寧父最近生了一場病,咳嗽不止。寧書回了一趟寧家,傅斯年還有要事,沒有一塊陪同著。
但是卻是派了劉副官。
除了劉副官,還有好幾個人一塊跟在后面,在腰上的槍都沉甸甸的防著。
寧父還是同以前沒有什么區別,但至少沒有之前那樣生氣了。也會叫他在少帥府上知道什么事情該做,什么事情不應該做。
到底是個男人,就不要像一個女人一樣,只會躲在傅少帥的身后。
寧書下來的時候,碰上了二姐。
二姐看到他,也是微愣了一下。然后一張小臉微微煞白,但那雙眼睛還是忍不住朝著青年的身后看去。
寧書心中
不由得覺得有些好笑。
他停了下來,出聲詢問:“二姐最近還好嗎?”
寧柔眼睛有些躲閃地輕輕點頭。
寧書那雙丹鳳眼直視了過去,然后張口道:“斯年沒來,讓二姐失望了。”
寧柔臉上出現一點不自在,但她很快咬唇道:“四弟弟,你這是什么意思?”她露出一點失望又傷心的神色:“你當初明明知道我是喜歡少帥的”
寧書沒再笑了,他看著面前的女人道:“我也問過二姐要不要去爭取,那時候的我還沒跟少帥有什么關系。少帥對二姐沒有情誼,又怎么能怪到我的頭上。”
他以前還覺得寧柔比較通透,現在看來,是他不夠了解而已。
寧柔小臉一白,鎮定地說:“就算少帥現在寵愛你,將來他還是要娶姨太太的。少帥不可能沒有自己的孩子,更何況還是臨海這個地方。

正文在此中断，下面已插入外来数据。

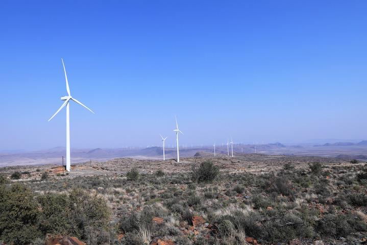 這是8月10日在南非北開(kāi)普省德阿鎮(zhèn)拍攝的中國(guó)國(guó)家能源集團(tuán)龍?jiān)措娏δ戏枪具\(yùn)營(yíng)的德阿風(fēng)電項(xiàng)目風(fēng)機(jī)。新華社記者 董江輝 攝
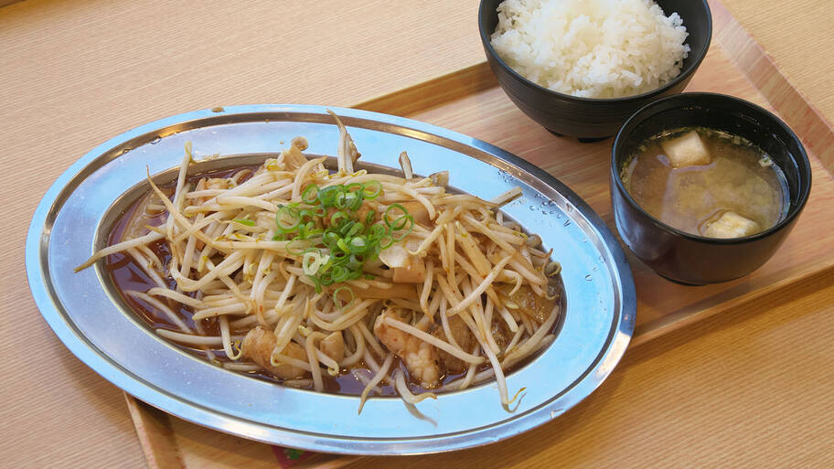 テーブルに運ばれてきた瞬間、まず目を引くのは、じゅわあっという音とともに、鉄板の上で湯気を立てる焼肉。香ばしく焼けた豚肉と玉ねぎが艶やかに輝き、ふわりと甘辛い香りが立ちのぼる。箸で持ち上げると、しっとりと柔らかく、噛むほどに肉のうま味が口の中で広がる。濃すぎない味付けで、ご飯との相性は抜群だ。
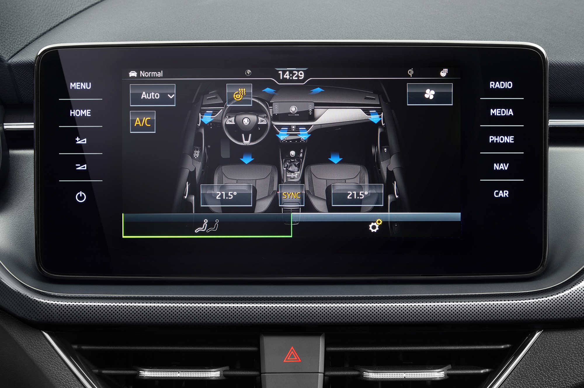 У Камика, как и у Скалы, есть система Driving Mode Select с режимами Normal, Sport, Eco, Individual, а также заниженная на 10 мм подвеска Sport Chassis Control со «спортивными» настройками амортизаторов. В виде опции предусмотрена защита днища для «путешествий по бездорожью». Клиренс паркетника на 37 мм больше, чем у хэтчбека (точные цифры не названы).
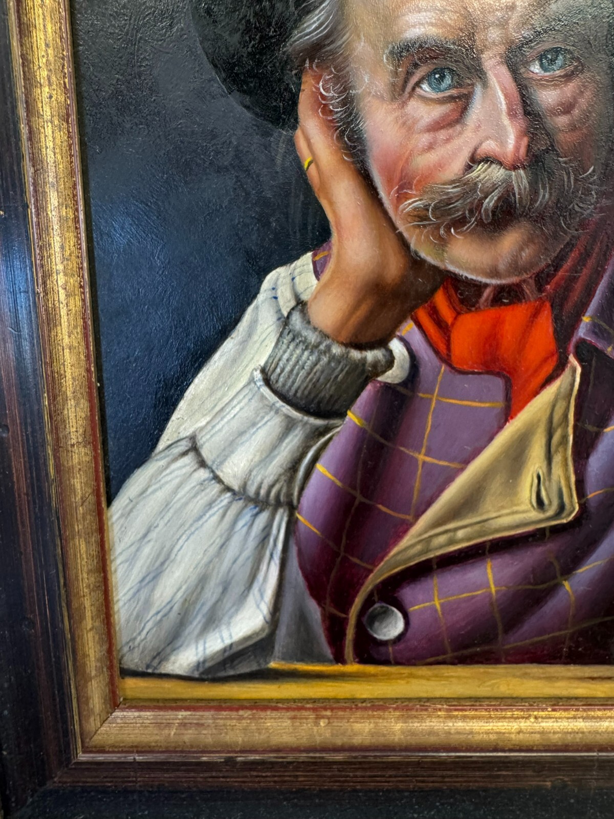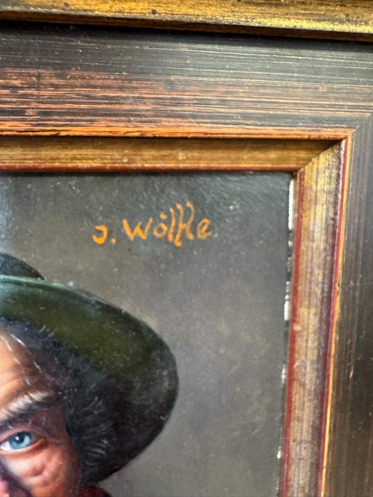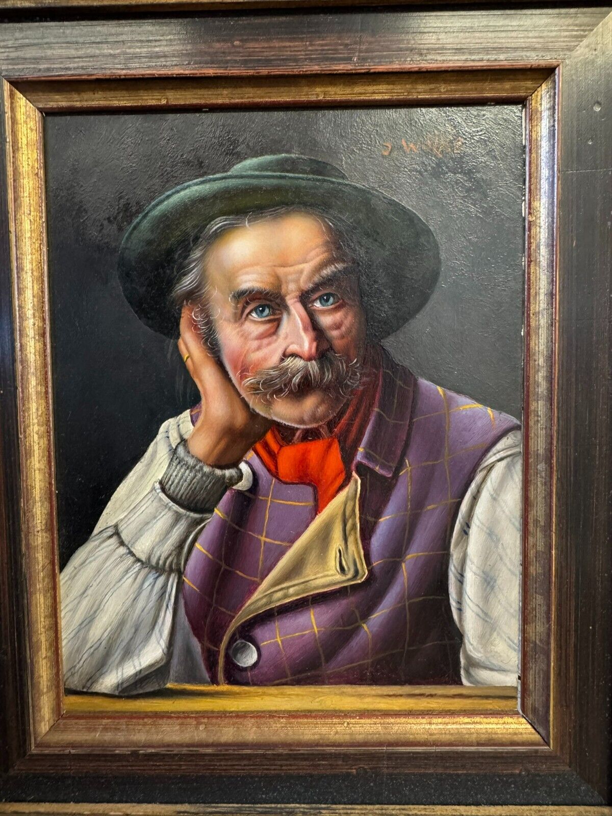 Ölgemälde auf Platte, im Prunkrahmen gerahmt, Portrait eines Bauers, oben links signiert, die Ränder am Passepartout leicht berieben. Abmessungen: 14×18, mit Rahmen: 32x37cm.
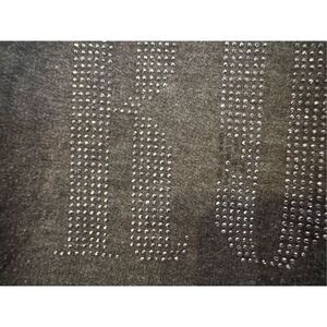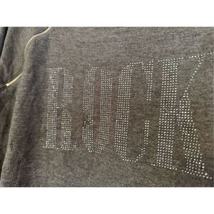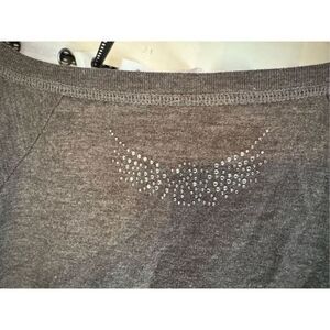 Plus size 2xl (torrid 0,1,2) rock & republic free spirit rock crystal/rhinestone studded bling sweatshirt w/ top arm zipper accents(zippers do work giving the shirt a versatile way to wear) angel wings r & r logo on back -dark gray & metallic silver bling crewneck pullover sweatshirt/top/blouse shirt with a distressed: worn

”
寧書知道自己沒法辯駁她,未來的事情他自己都不敢保證。他走過人身邊,輕吐一口氣說:“那就等他娶了再說吧。”
要是真娶了,他也不會留在府中礙著誰。
寧書發現,傅斯年最近限制了他的行動,就算是出門,也是劉副官一批人跟著。
他察覺到了一點不對勁。
但也說不上來是哪里不對勁。
但是寧書也沒有想到,意外會發生的那么突然。他只不過是同傅斯年去參加了一個宴會,哪知道在場的人就混亂了起來。
聽著那些尖叫聲。
寧書察覺到有一只手將自己拉了過去,是傅斯年。
軍爺沉穩冷靜地將他護在身后,帶著他一同走。
那雙墨藍色的眼眸帶著一點冷意:“他們還真的敢在這地方動手。”
大廳都亂了起來,劉副官帶著人馬進來。只是對面的人似乎早就有所準備,傅斯年一邊護著他,一邊拿著槍,響起了巨大的聲響。
一陣腳步聲傳了過來。
有人追著他們。
軍爺按著他的肩膀,讓他率先出了窗口。
寧書爬了出去。
但是誰也沒有想到,外邊似乎也有了埋伏。一陣槍聲傳了過來,軍爺抱著他在地上滾了一圈。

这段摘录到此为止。